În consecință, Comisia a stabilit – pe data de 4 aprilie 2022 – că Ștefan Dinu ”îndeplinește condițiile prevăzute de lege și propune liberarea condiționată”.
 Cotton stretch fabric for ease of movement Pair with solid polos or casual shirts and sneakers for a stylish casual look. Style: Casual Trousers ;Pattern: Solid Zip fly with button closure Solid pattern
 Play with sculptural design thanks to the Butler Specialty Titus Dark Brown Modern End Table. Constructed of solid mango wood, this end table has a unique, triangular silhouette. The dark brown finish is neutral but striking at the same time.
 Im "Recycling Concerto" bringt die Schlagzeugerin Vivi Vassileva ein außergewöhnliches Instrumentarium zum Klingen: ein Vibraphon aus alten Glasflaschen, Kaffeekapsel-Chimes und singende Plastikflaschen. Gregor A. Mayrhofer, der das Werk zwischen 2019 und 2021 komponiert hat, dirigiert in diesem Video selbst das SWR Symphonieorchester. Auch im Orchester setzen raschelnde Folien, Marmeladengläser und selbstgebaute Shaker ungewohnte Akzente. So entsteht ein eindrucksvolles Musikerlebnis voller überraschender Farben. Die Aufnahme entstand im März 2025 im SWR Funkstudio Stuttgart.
+++++
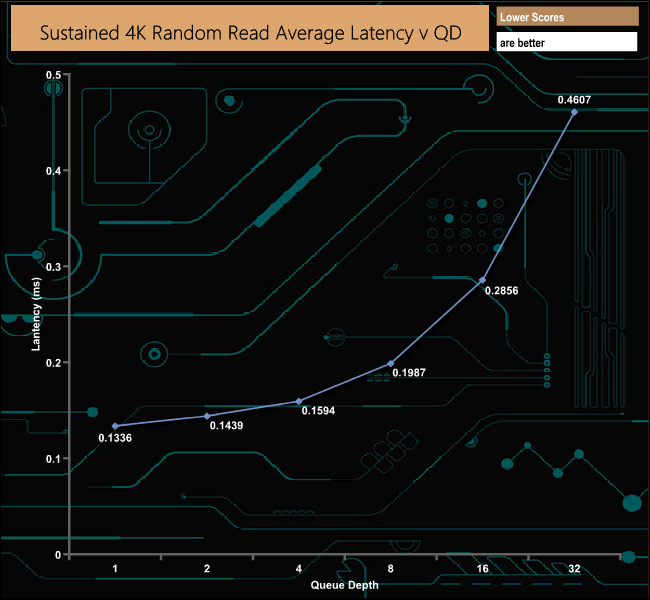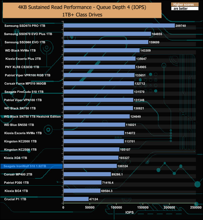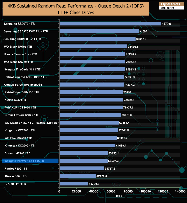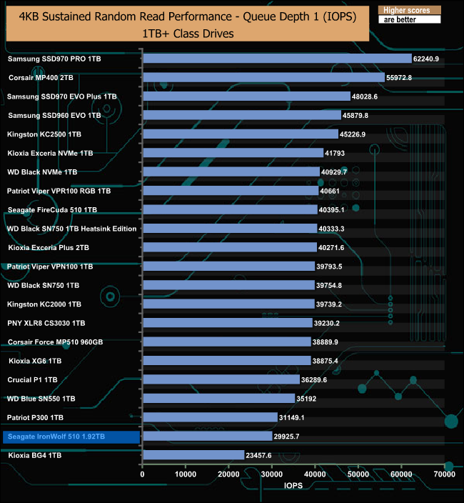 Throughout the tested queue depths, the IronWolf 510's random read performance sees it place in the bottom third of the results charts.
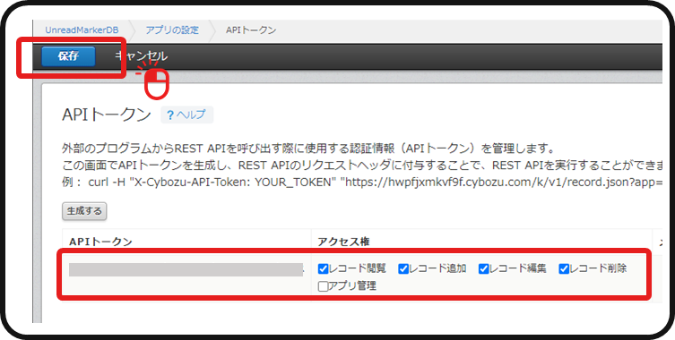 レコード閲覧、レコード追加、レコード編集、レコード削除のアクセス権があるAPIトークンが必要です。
+++++
▶ _WHAT YOU WILL DO_:
Wherever the string "solid" occurs in the entries, copy that whole line.

▶ _SOLUTION FOR THIS TASK_:
 Cotton stretch fabric for ease of movement Pair with solid polos or casual shirts and sneakers for a stylish casual look. Style: Casual Trousers ;Pattern: Solid Zip fly with button closure Solid pattern
 Play with sculptural design thanks to the Butler Specialty Titus Dark Brown Modern End Table. Constructed of solid mango wood, this end table has a unique, triangular silhouette. The dark brown finish is neutral but striking at the same time.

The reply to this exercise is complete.